# REQUIRED ACTION:
The pictures get left out, but everything else in the listing below must be duplicated exactly.

# DATASET CONTENT:
= Beginning of Section =

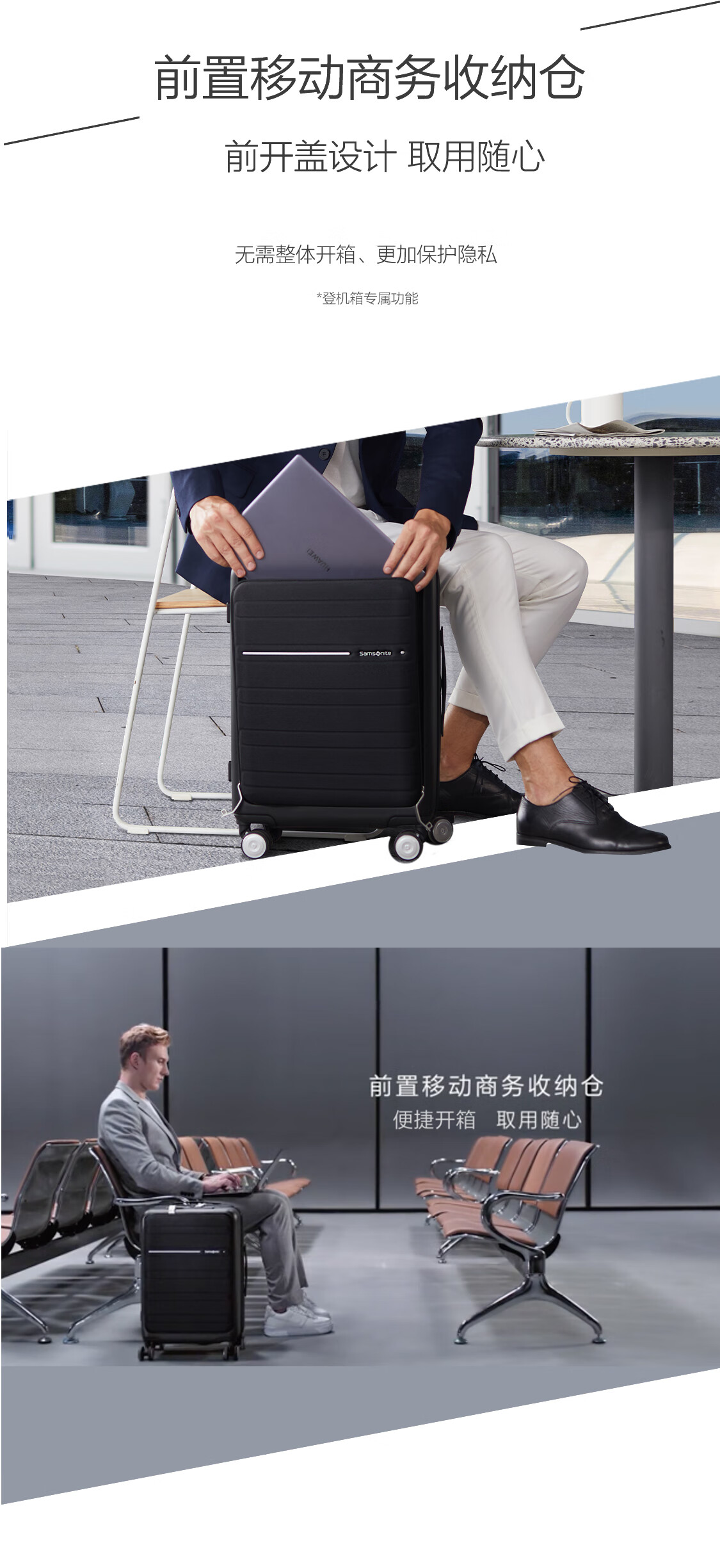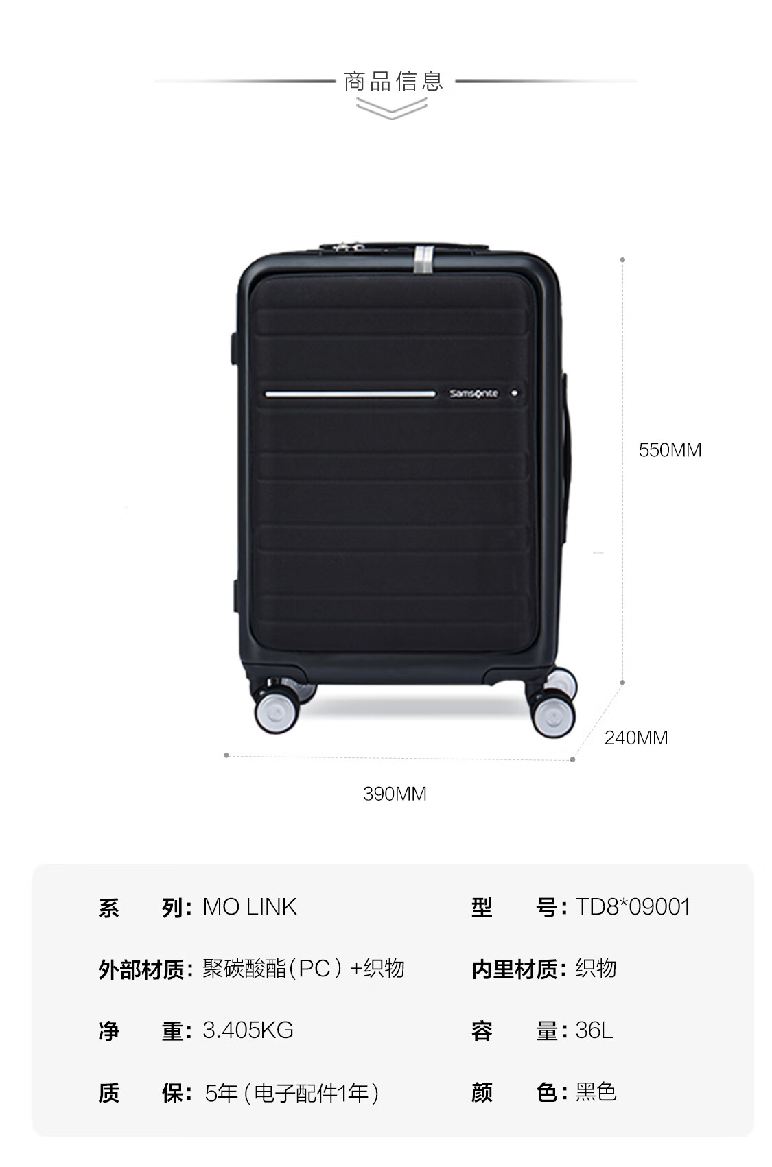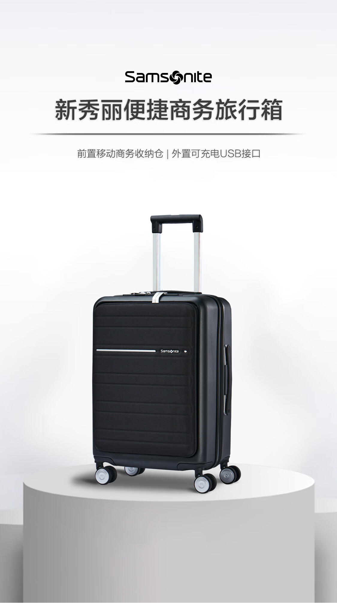新秀丽(Samsonite)行李箱20英寸拉杆箱商务旅行箱前开口密码登机箱黑色TD8
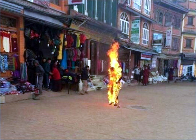 2月13日,在尼泊尔首都加德满都市中心,一位25岁的博巴(藏人)——竹钦泽仁(Drupchen Tsering)以抗议中国对他的祖国的统治。得知这个消息时,我禁不住想象烈焰裹身的他就像在达莫鲁津山上被饿虎包围的佛陀。佛陀用自己的身体去拯救群虎,而竹钦泽仁将自己置于压迫者的利爪之下,用自己脆弱的血肉之躯磨平北京政府的尖牙利齿,从而使他人或能因此幸免于难。如果那位王子是一位生在今天的博巴,看到他的人民、他的国家和他的文化受到一个残暴帝国的鲸吞,他会怎么做呢?
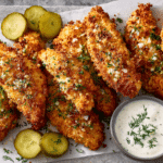 Crispy, golden chicken tenders marinated in dill pickle brine and coated in ranch-seasoned panko, then cooked to perfection in the air fryer. A flavorful, quick, and crunchy dish perfect for weeknights or gatherings.

= End of Section =

# SOLUTION:
新秀丽(Samsonite)行李箱20英寸拉杆箱商务旅行箱前开口密码登机箱黑色TD8
 2月13日,在尼泊尔首都加德满都市中心,一位25岁的博巴(藏人)——竹钦泽仁(Drupchen Tsering)以抗议中国对他的祖国的统治。得知这个消息时,我禁不住想象烈焰裹身的他就像在达莫鲁津山上被饿虎包围的佛陀。佛陀用自己的身体去拯救群虎,而竹钦泽仁将自己置于压迫者的利爪之下,用自己脆弱的血肉之躯磨平北京政府的尖牙利齿,从而使他人或能因此幸免于难。如果那位王子是一位生在今天的博巴,看到他的人民、他的国家和他的文化受到一个残暴帝国的鲸吞,他会怎么做呢?
 Crispy, golden chicken tenders marinated in dill pickle brine and coated in ranch-seasoned panko, then cooked to perfection in the air fryer. A flavorful, quick, and crunchy dish perfect for weeknights or gatherings.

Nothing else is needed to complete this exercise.